This step consisted of an analysis of whether or not there was a statistically significant difference between the study group and the control group on the pre-test score. For this, a t-test on the difference between the study and control mean pre-test scores was used. The measure used in this analysis was the NCE (Normal Curve Equivalent) of the TerraNova™ CTBS Complete Battery Plus.

The hypothesis of the t-tests shown below is that the pretest means of the study and control groups are equal; the alternative hypothesis is that they are not equal, for which a two tail test is appropriate. If the significance of the t-value is less than or equal to .05 then the hypothesis is rejected at the 95% (5% significance) level and the alternate hypothesis is accepted.

Since the significance of the t-value is greater than .05 (that is, 0.306, as shown below), we accept the hypothesis; that is, that the pre-test means of the study and control groups are equal at the 95% level of confidence, showing no significant differences at the starting point of the study.

Subject, Grade Study Pre-test
NCE (base)
Control Pre-test
NCE (base)
Absolute difference t-value Sig (t-value)
Math, 8th Grade 47.06
(100)
44.95
(85)
2.11 1.03 0.306

Step 2.

This step consisted of an analysis of whether or not there was a statistically significant difference between the pre-test and post-test scores within the study group and within the control group. For each group, a t-test on the difference between pre-test and post-test scores was used. The NCE was the measure used in this analysis.

The hypothesis of the t-tests shown below is that the pre-test and post-test means are equal; the alternative hypothesis is that they are not equal. If the significance of the t-value is less than or equal to .05 then the hypothesis is rejected at the 95% (5% significance) level and the alternate hypothesis is accepted.

For the study group, the significance of the t-value is less than .05 (that is, 0.001, as shown below). Therefore we accept the alternative hypothesis: the pre-test and post-test means of the study group are not equal at the 95% level of confidence.

  • Thus, students using the Scott Foresman-Addison Wesley Middle School Math program showed significant improvement in overall test scores from the pre-test to the post-test.

For the control group, the significance of the t-value is also less than .05 (that is, 0.003 as shown below).

  • Thus, students using other textbook programs also showed significant improvement in overall test scores from the pre-test to the post-test.
Subject, Grade Study Pre-test
NCE (base)
Study Post-test
NCE (base)
Absolute difference t-value Sig (t-value)1
Math, 8th Grade 47.06
(100)
50.97
(100)
3.91 3.30 0.001
Subject, Grade Control Pre-test
NCE (base)
Control Post-test
NCE (base)
Absolute difference t-value Sig (t-value)1
Math, 8th Grade 44.95
(85)
48.42
(85)
3.47 3.07 0.003

1 Shaded values are significant at the 95% level of confidence or higher.

Step 3.

In addition to NCE scores, performance on mathematics instructional objectives for the study and control groups was also analyzed. The measure used in this analysis was the OPI (Objectives Performance Index) of the TerraNova™ CTBS Complete Battery Plus.

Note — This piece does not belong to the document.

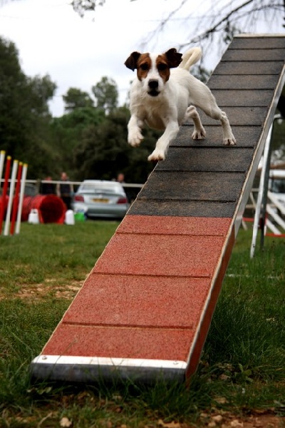 Excellente chienne d'agility, Glossy est un vrai élastique : elle saute des hauteurs impréssionnantes, fais demi-tour quasi sur place, tout cela en un dizième de seconde. Très proche de sa maîtresse, c'est une chienne caline, qui adore les siestes communes sur le canapé ! Un type de tête particulier, un vrai corps d'athlète, son seul defaut serait sa timidité parfois excessive, mais elle progresse, dans la douceur, de jours en jours... Glossy débutera l'agility en compétition en mars 2010 : A suivre !

Consistent with the overall improvement in test scores, both students using Scott Foresman-Addison Wesley Middle School Math, Course 3 ©1999 (the study group) and students using other textbook programs (the control group) showed significant gains in all key mathematics instructional areas over the course of a full school year. For both groups, the highest gains were achieved in the areas of: Patterns, Functions, Algebra; Problem Solving and Reasoning; and Number & Number Relations.

8th Grade Mathematics
Instructional Objectives:
Study
Mean Point Gain1
(pre to post)
Control
Mean Point Gain1
(pre to post)
Number & Number Relations +10.12 +9.28
Computation and Numerical Estimation +8.97 +9.02
Measurement +7.77 +7.31
Geometry & Spatial Sense +9.27 +6.45
Data Analysis, Statistics & Probability +8.32 +8.11
Patterns, Functions, Algebra +12.00 +10.13
Problem Solving & Reasoning +9.37 +10.53
TOTAL GAIN +65.82 +60.83

1 Shaded values are significant at the 95% level of confidence or higher.

Conclusions

Students who used the Scott Foresman-Addison Wesley Middle School Math, Course 3 ©1999 program showed significant overall learning improvement over the course of a full school year. Students using other textbook programs also showed significant learning improvement over this same period.

Consistent with the overall findings, students in both the study and control groups showed significant improvement on all key mathematics instructional objectives. The largest gains were accomplished in the areas of Patterns, Functions, Algebra; Problem Solving and Reasoning; and Number & Number Relations.

Technical Post Script

For the purpose of completeness, we include here a brief discussion of the statistical tests and measures that were used. All of the statistical tests are in the classical statistical domain, and are broadly used across all disciplines including psychometrics. The programs that were used in the computational steps of this project were SPSS versions 6/9.

The t-test that was used states: The mean of one population is equal to the mean of another population when the variance is unknown. The hypothesis is that the means are equal; and the alternative hypothesis is that they are unequal; for which we use a two sided test. The means and the variance are calculated and the t-statistic is computed. The significance of the t-statistic then computed. If the significance of the t-statistic is less than .05 the hypothesis is rejected; otherwise, the alternative hypothesis is accepted.

Normal Curve Equivalents: "Comparison of Scores across Tests. The normal curve equivalent (NCE) scale, ranging from 1 to 99, coincides with the national percentile scale (NP) at 1, 50, and 99. NCEs have many of the same characteristics as percentile ranks, but have the additional advantage of being based on an equal-interval scale. The difference between two successive scores on the scale has the same meaning throughout the scale. This property allows you to make meaningful comparisons among different achievement test batteries and among different tests within the same battery. You can compare NCEs obtained by different groups of students on the same test or test battery by averaging the test scores for the groups."2

2 Quoted directly from: Teacher's Guide to TerraNova, page 138, CTB/McGraw-Hill 1999.

Objectives Performance Index: "The OPI is an estimate of the number of items that a student would be expected to answer correctly if there had been 100 similar items for that objective... The OPI scale runs from '0' for total lack of mastery to '100' for complete mastery. For CTB achievement tests, OPI scores between 0 and 49 are regarded as the Non-Mastery level. Scores between 50 and 74 are regarded as indications of Partial Mastery. Scores of 75 and above are regarded as the Mastery level."3

3 Quoted directly from: Beyond the Numbers, A Guide to Interpreting and Using the Results of Standardized Achievement Tests, page 11, CTB/McGraw-Hill 1997.

All tests were scored by CTB/McGraw-Hill, the publisher of TerraNova. Statistical analyses and conclusions were performed by an independent firm, Pulse Analytics Inc., Ridgewood, New Jersey.